The deduction applies to all millennials, the largest part and force behind the idea of self-love today is based on cars, clothes, and money which we crown with vacations any time of the year with stalk photographers we pay to follow us around to show off to ourselves at in the end. All on the back of consumerism. That is life today. So we work hard to fulfill our misty expeditions as relationships and romance take a back seat in our lives.
If we ever decide to date in its full sense. It never lasts simply because fixing things is not worth our time and TIME. We move on to the next without trying to capitalize our time on what is or was going on when any sign, just sign of inconveniences manifests.
When we come to discern we do not love the way we did on the very first dinner outing and at the movies the week that followed we make the move to break up.

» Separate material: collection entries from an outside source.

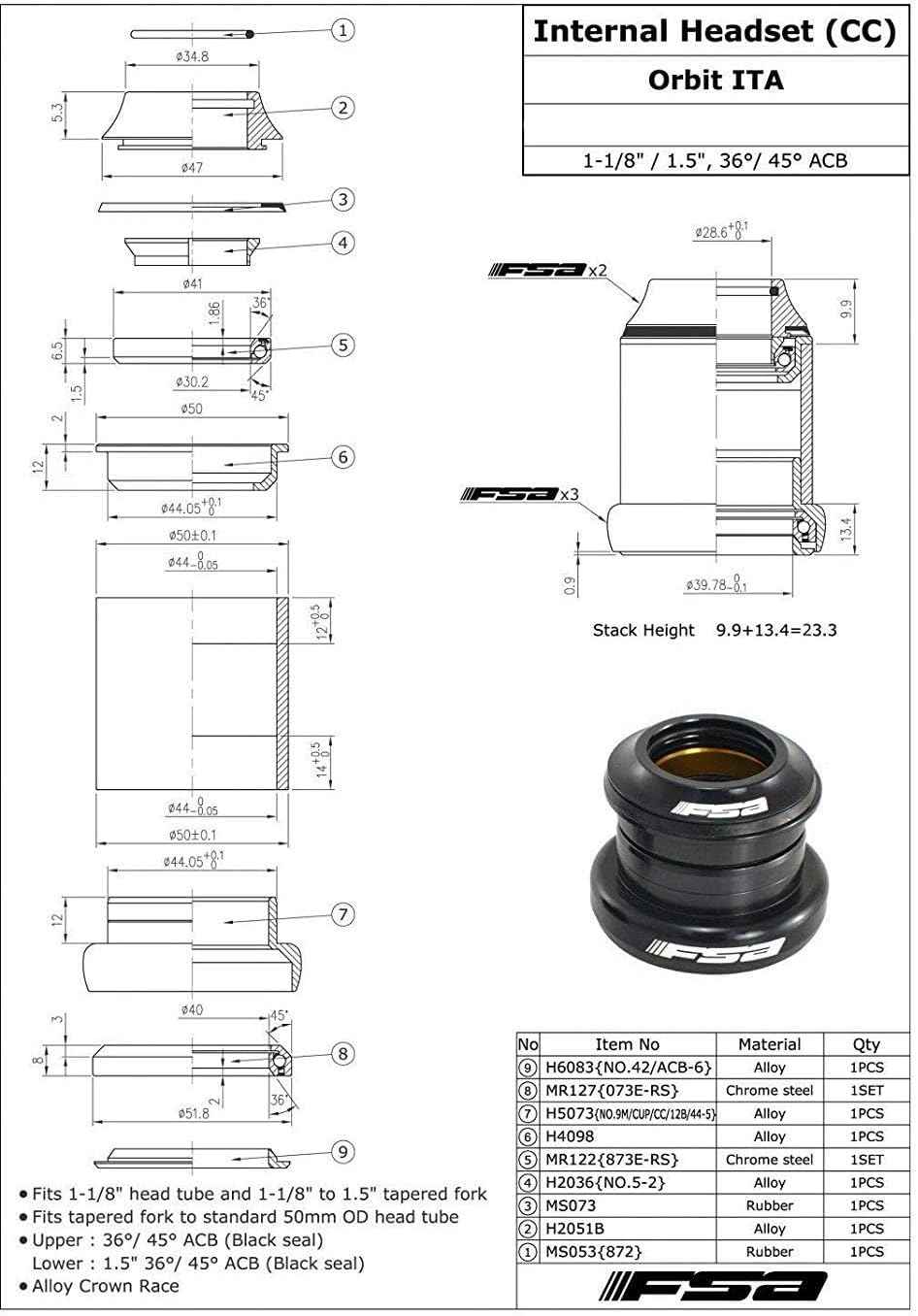 - - Passend für 1-1/8 Zoll Steuerrohr und 1-1/8 Zoll bis 1,5 Zoll konische Gabel.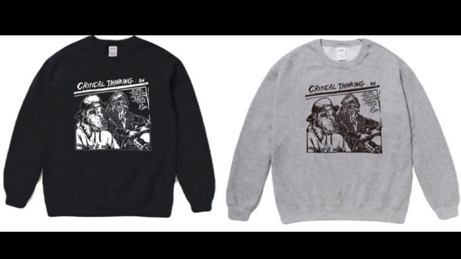 LONG WAY HOME ツアーの帰り道で凄い嵐にあった。ムカついてTMGEを爆音でかけた。すぐ仲間になれたよ。 彼の感性を通せば我々はイヌとニワトリだ。 IZNはなんだろう。。。 今回はオールシーズン着れるように裏起毛ではなく頑丈なパイル素材にしました どうぞご自由に。 Artwork by TKMT frustration. size:S、M、L、XL、XXL color:BLACK、GRAY body : United Athle 5044-01 スウェット 5214-01 パーカー 【受注期間】 12/28ー1/3 発送1月中旬になります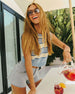 Meet the Carmena Contrast Knit Sweater, your new go-to for beach breezes, golden hour strolls, and post-sunset cocktails. With its soft knit feel and bold contrast stripe design, this sweater strikes the perfect balance between laid-back and pulled-together. The V-neckline adds a flirty, open feel while ribbed trim gives it a polished edge. Toss it on over a bikini, or pair it with denim and slides for an effortlessly cool look.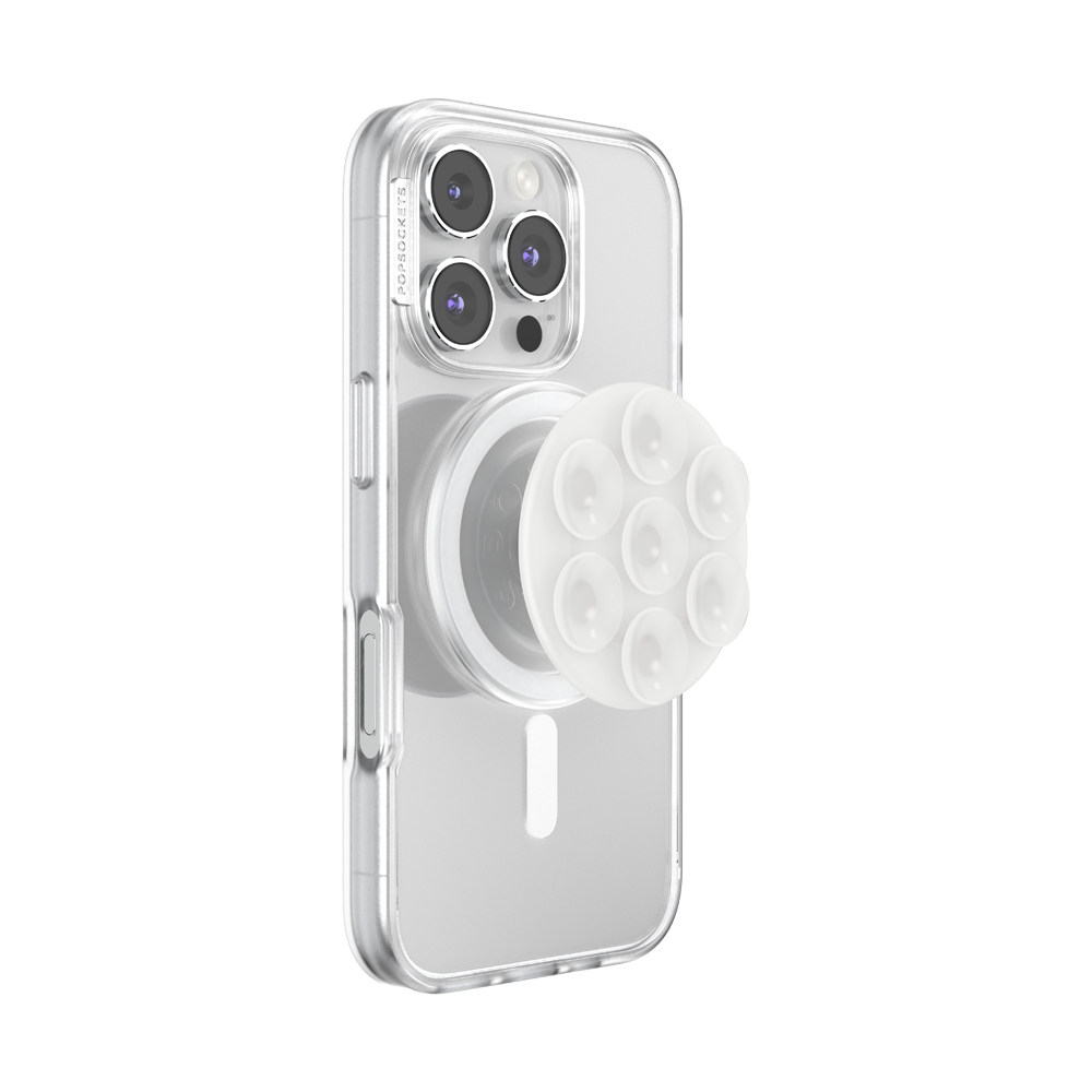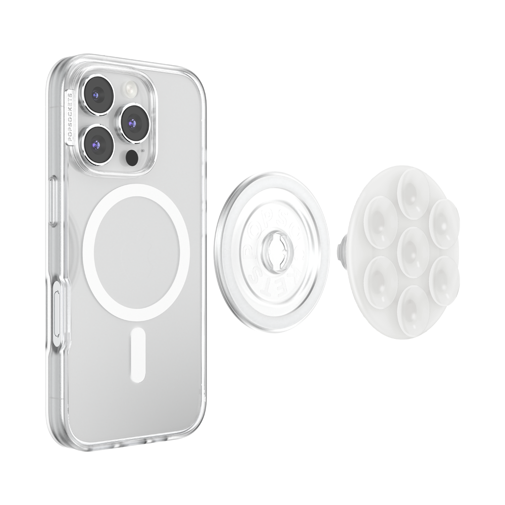 Clean and minimal with a barely-there look. Grip and stand all in one. Sticks to smooth surfaces. Easily swap between MagSafe accessories. Includes magnetic adapter ring for compatibility.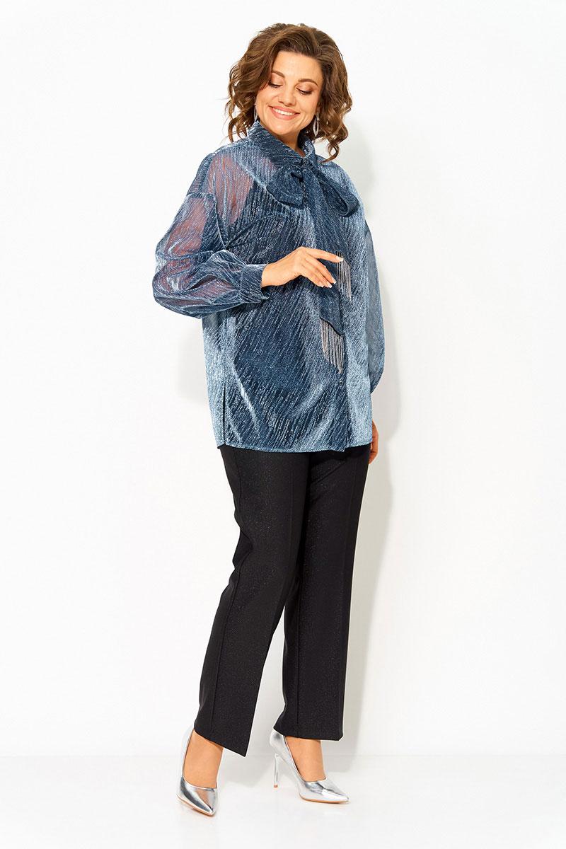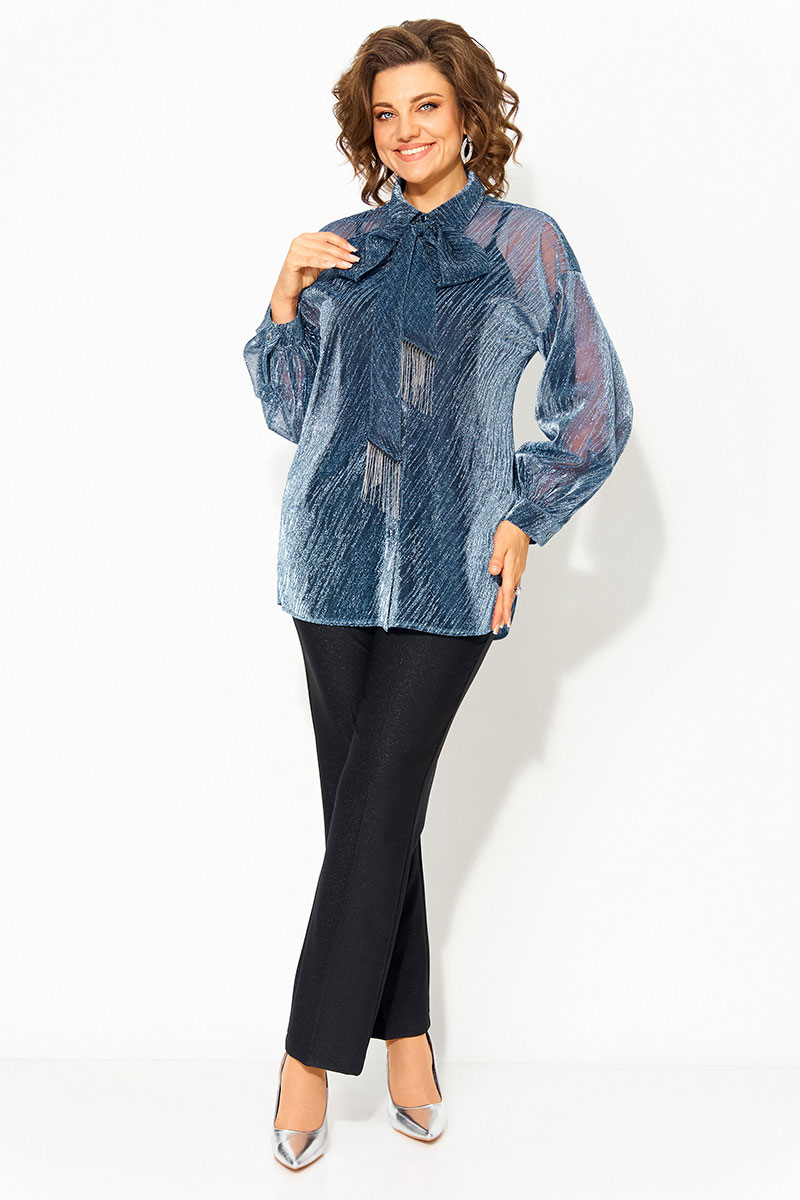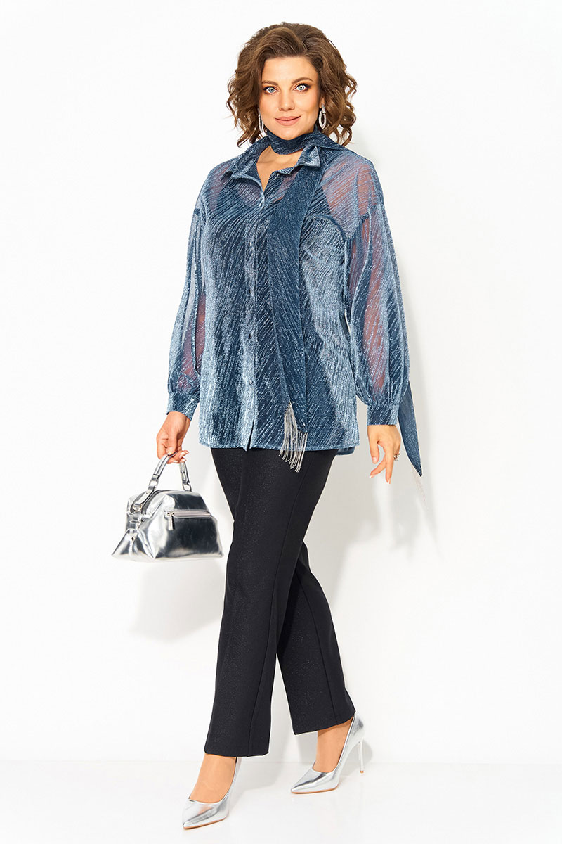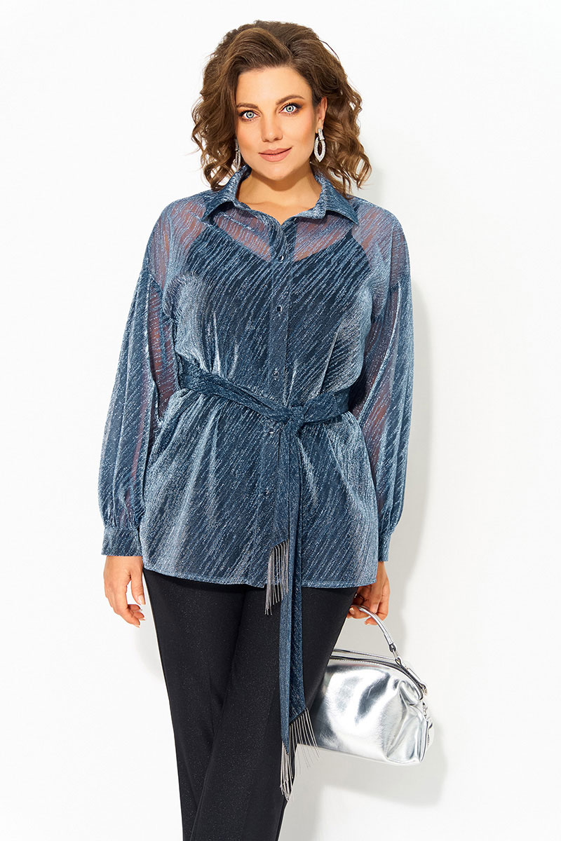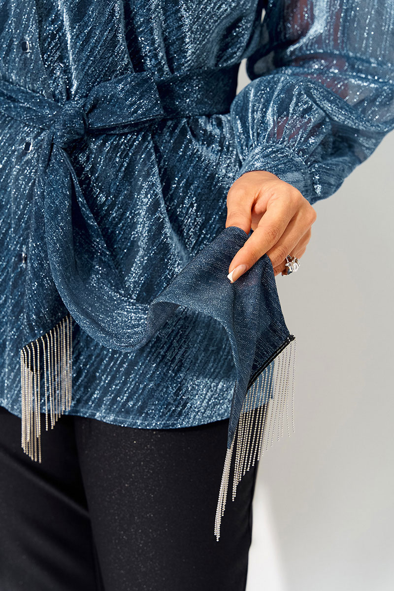 Трендовая блузка из легкой сетчатой ткани c эффектом мерцания станет стильным дополнением вашего гардероба. Ее можно комбинировать с различными элементами гардероба, накинуть поверх платья или топа. Модель выполнена с воротником-стойкой, который добавляет элегантности образу.  Застежка центральная на петли и пуговицы. По бокам расположены разрезы. Свободный крой обеспечивает комфорт и подчеркивает женственность.  Длинный рукав с манжетами делает ее универсальной для любого сезона, а удлиненный силуэт добавляет изысканности. В комплект входит съёмный пояс с декоративной бахромой, который может служить в виде шарфика и добавить элегантность образу.

Sacrifice is not in our vocabulary or our makeup which even affects our monetary moves in business but this is not for today.
I do is an impediment, a bad prospect, an abyss so immense that we don’t look up to it with zeal. Since we don’t have intents to marry we don’t actually get to love at all. So we pass time with each other as we look for the standard person and when we find them we get busy and think more of ourselves. We bring up the idea of personal space, in a relationship that is very dumb for the conditions of dating. We go on to talk about leeway as though we are writing legislation and because of that we have ended up with stuff like open bonds that give birth to entanglements which are preposterous then claim we are not a happy people.